● WHAT TO DO: As you reproduce every line below, keep it exactly as written and leave out the images.

● DATA BLOCK:
──────────
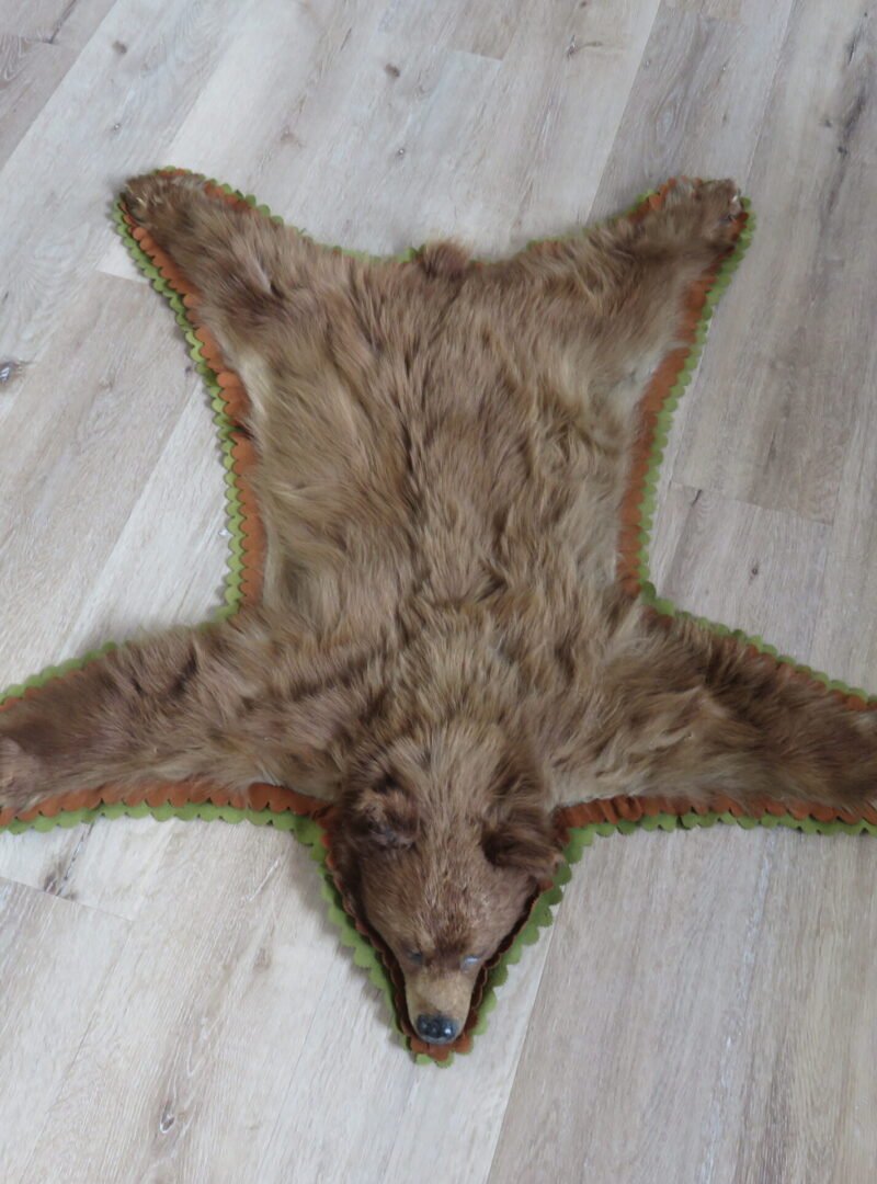 The mount’s overall dimensions are 42 inches long by 40 inches broad. Bears are about 36 inches long from snout to tail. liner made of double felt. was once a gorgeously crafted rug, but that was in the past. Please review every image to determine the item’s quality. Numerous skin fissures and even a loose chunk that has entirely separated from the object are shown in the attached images.
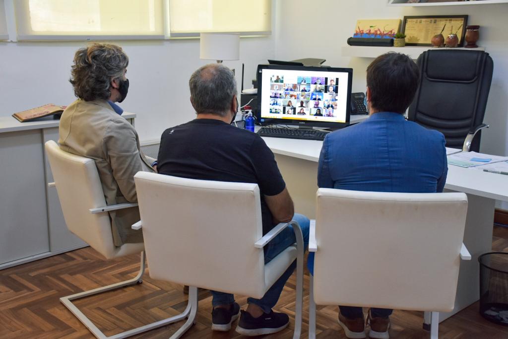 A través de videoconferencia, el Intendente Francisco Echarren junto al Secretario de Campo y Producción Ignacio Larralde y al Subsecretario de Obras Públicas Federico Longhi, participaron del anuncio del convenio que otorga casi 100 millones de pesos para la mejora de los caminos rurales de Castelli.
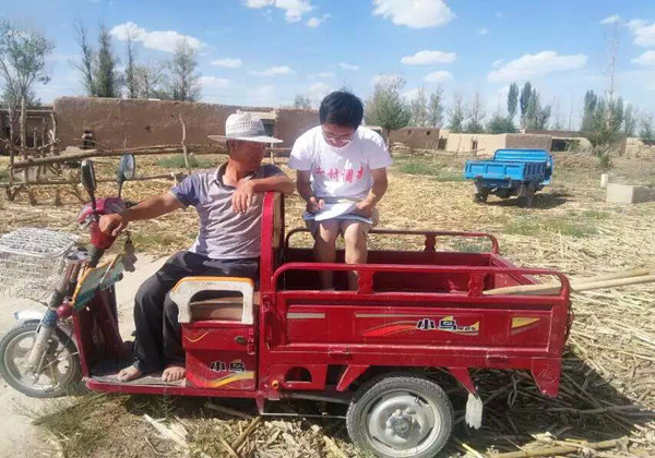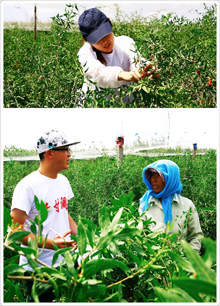 工作熟练了,队员们微信群里的交流也明显增多。房前屋后、田间地头、拖拉机上,牲口棚前都有我们可爱的白T恤的身影。为了不耽误农民的劳作,调研对象在哪里我们就跟到哪里。第六组的杜佳芮和王银同学直接跟进枝条有刺丛生的枸杞园里一边采访一边帮忙摘枸杞。
──────────
● FINISHED TASK:
 The mount’s overall dimensions are 42 inches long by 40 inches broad. Bears are about 36 inches long from snout to tail. liner made of double felt. was once a gorgeously crafted rug, but that was in the past. Please review every image to determine the item’s quality. Numerous skin fissures and even a loose chunk that has entirely separated from the object are shown in the attached images.
 A través de videoconferencia, el Intendente Francisco Echarren junto al Secretario de Campo y Producción Ignacio Larralde y al Subsecretario de Obras Públicas Federico Longhi, participaron del anuncio del convenio que otorga casi 100 millones de pesos para la mejora de los caminos rurales de Castelli.
 工作熟练了,队员们微信群里的交流也明显增多。房前屋后、田间地头、拖拉机上,牲口棚前都有我们可爱的白T恤的身影。为了不耽误农民的劳作,调研对象在哪里我们就跟到哪里。第六组的杜佳芮和王银同学直接跟进枝条有刺丛生的枸杞园里一边采访一边帮忙摘枸杞。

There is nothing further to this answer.